Geometric Context Transformer for Streaming 3D Reconstruction

· HF Daily Papers ·

LingBot-Map introduces a geometric context transformer (GCT) architecture for feed-forward streaming 3D reconstruction, using anchor context, pose-reference windows, and trajectory memory to address grounding, geometry, and drift correction in SLAM-style systems.

Categories: Research

Excerpt

Lin-Zhuo Chen, Jian Gao, Yihang Chen, Ka Leong Cheng, Yipengjing Sun — Streaming 3D reconstruction aims to recover 3D information, such as camera poses and point clouds, from a video stream, which necessitates geometric accuracy, temporal consistency, and computational efficiency. Motivated by the principles of Simultaneous Localization and Mapping (SLAM), we introduce LingBot-Map, a feed-forward 3D foundation model for reconstructing scenes from streaming data, built upon a geometric context transformer (GCT) architecture.
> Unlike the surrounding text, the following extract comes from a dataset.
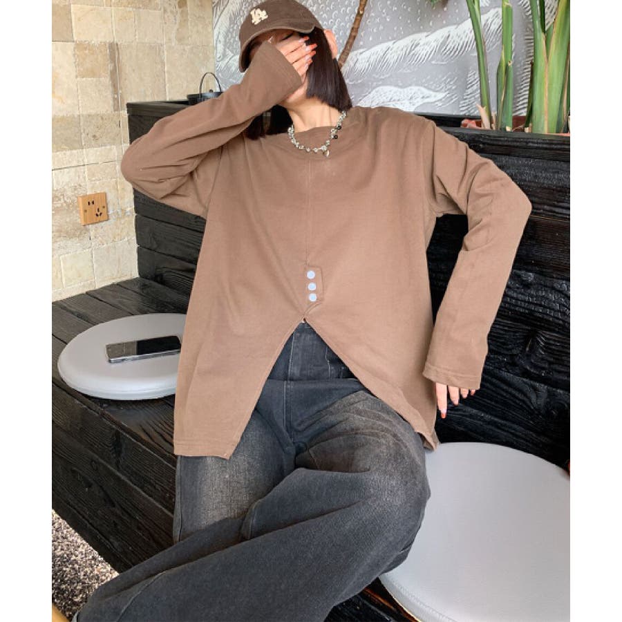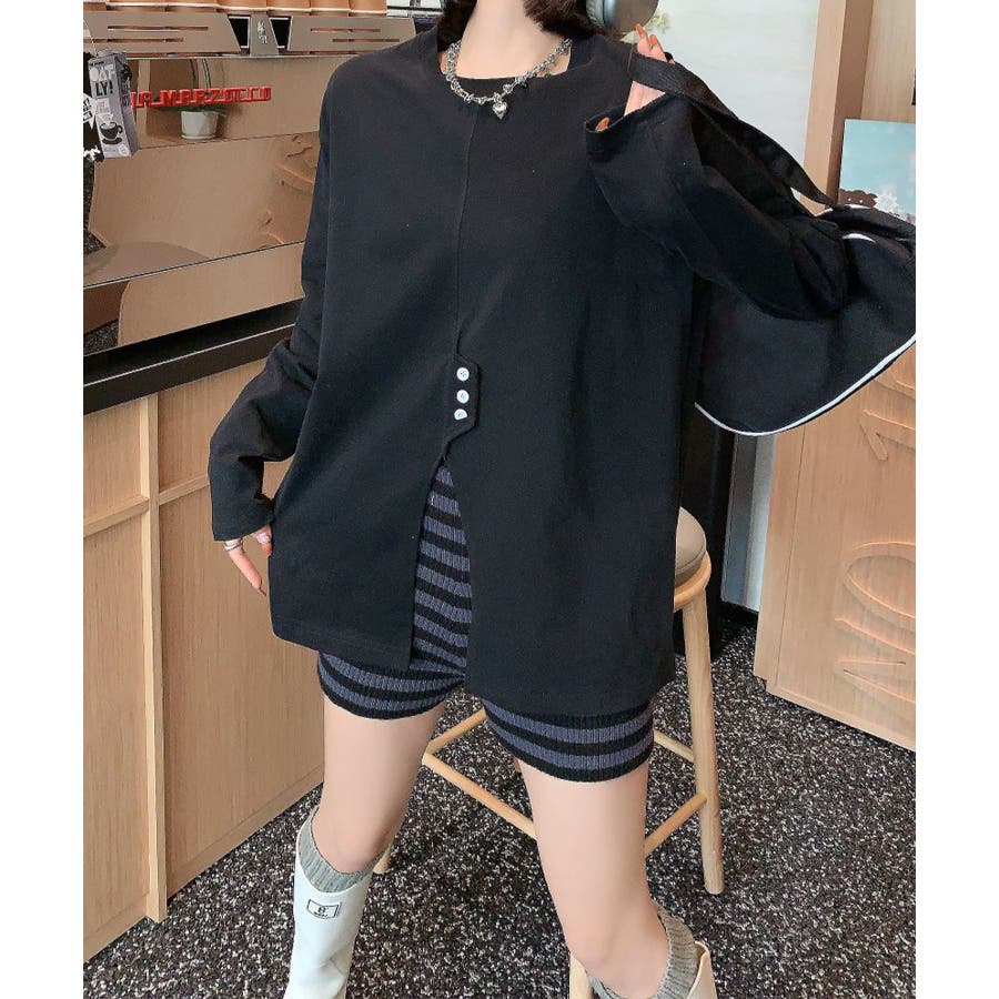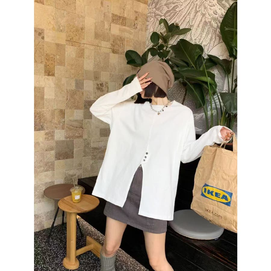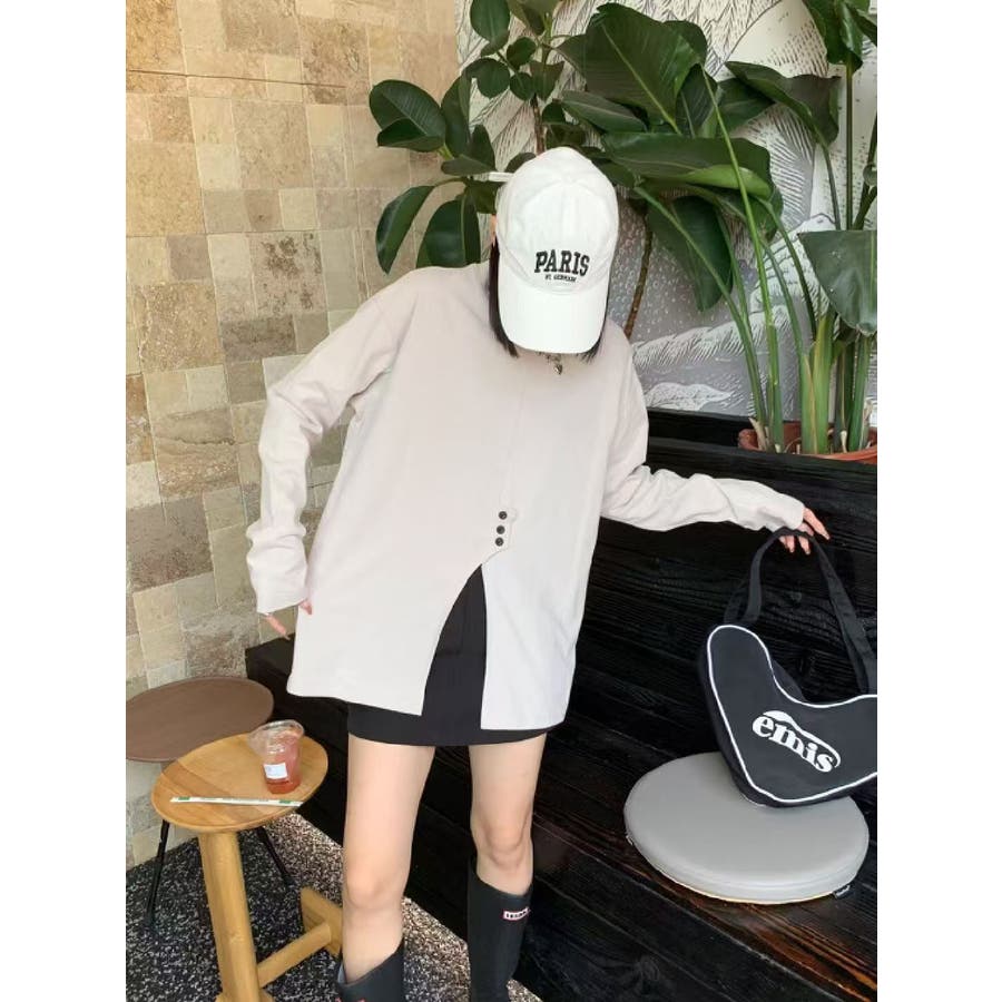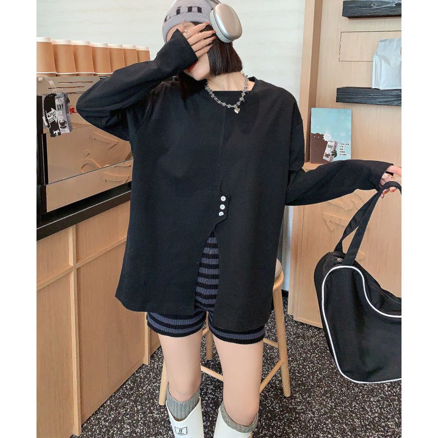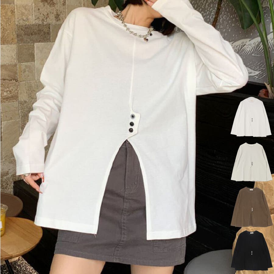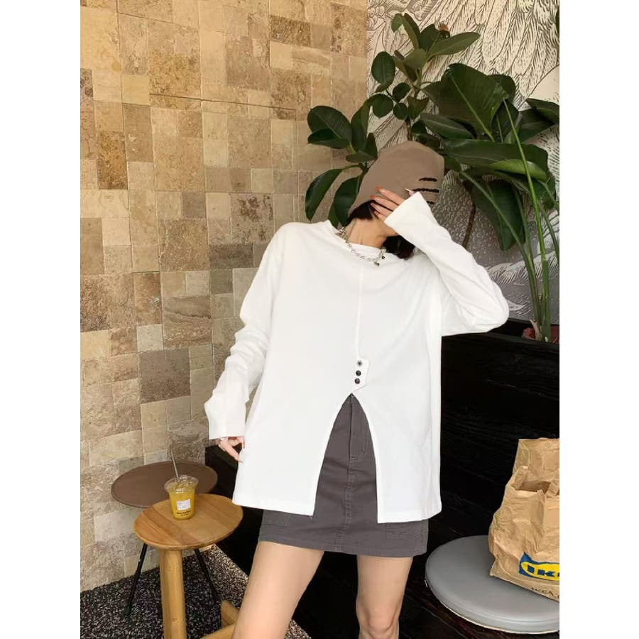 フロントスリットデザインTシャツ ロンT カットソー

A defining aspect of LingBot-Map lies in its carefully designed attention mechanism, which integrates an anchor context, a pose-reference window, and a trajectory memory to address coordinate grounding, dense geometric cues, and long-range drift correction, respectively. This design keeps the streaming state compact while retaining rich geometric context, enabling stable efficient inference at around 20 FPS on 518 x 378 resolution inputs over long sequences exceeding 10,000 frames. Extensive evaluations across a variety of benchmarks demonstrate that our approach achieves superior performance compared to both existing streaming and iterative optimization-based approaches.